I’m glad to see so many folks here easily shooting down this garbage.

Sadly most Oregonians, even the right-wing will likely gobble this up and never doubt it for a second. Then for the rest of time, this total farce of a “study” becomes “fact” and then those of us who dissent from its erroneous findings will be labeled with an epithet to denounce our viewpoints.

It’s incredibly telling that they announce other “climate change” effects on land regarding wildfires, as if the forest 200 miles inland and the intertidal zone have the exact same ecological “rules” as each other. Thus meaning “climate change” always effects both, no matter what.

You can spot the liars by merely asking a hard question. When the response is not information but rather anger, you’ve got a liar on your hands.

Ask OSU what variables they controlled for. The answer will be not the information you request but rather vitriol, slander, accusations, straw man attacks, obfuscations, and blatant lies.

This “science” is not questionable, it’s Gospel, and so it’s just an opinion. These people want there to be climate effects on the coast, so that’s what they “found.”
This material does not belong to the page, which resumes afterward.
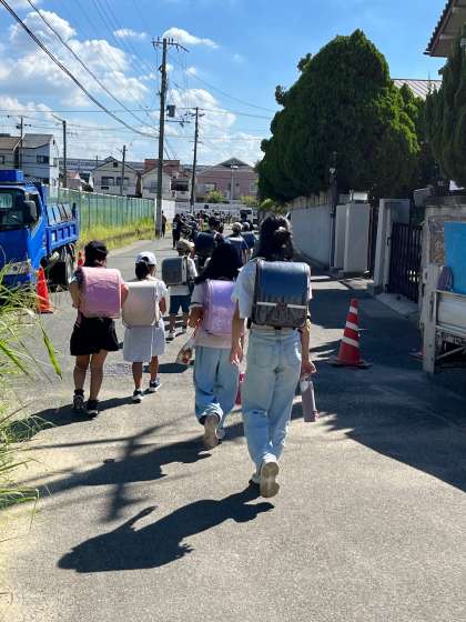 今日は台風を想定した避難訓練として、地区児童会を行い集団下校の練習を行いました。

Please write to these people and explain how poorly they did this study. Please.

January 11, 2022 9:33 am

subtly destabilized by the pressures of climate change despite giving an appearance of stress resistance”
Meaning we can’t see that there is a change and we can’t prove there is but we know it is there.

Reply to  PaulID
January 11, 2022 12:54 pm

We cannot find proof of stress but we know it must be there, so it is there, just hidden. Sneaky bugger that Gaia

January 11, 2022 12:53 pm

According to data there has been no increase in temps in the continental usa over the long term, so whatever stuff they choose to make up about the rest of the world with poor temperature records, there does not appear to be an issue in the US of A?

Geoffrey Williams
January 11, 2022 12:56 pm

Oregon State University says ecosystems destabilized by climate change.
Who says ‘ecosystems’ should be stable ?
Sounds like more trash if you ask me . .

Jim Clarke
January 11, 2022 5:01 pm

This article reminds me of just how much I miss actual science!

Steve Oregon
January 11, 2022 7:40 pm

For those who missed it below, Menge is Jane Lubchenco’s husband.
That’s highly germane. Among other things.

January 11, 2022 8:04 pm

BULLOCKS!!! The simple explanation is that whatever steps they did to obliterate visible life int he plots each year was having a cumulative negative impact on the ability of life to return. How can they be so obtuse?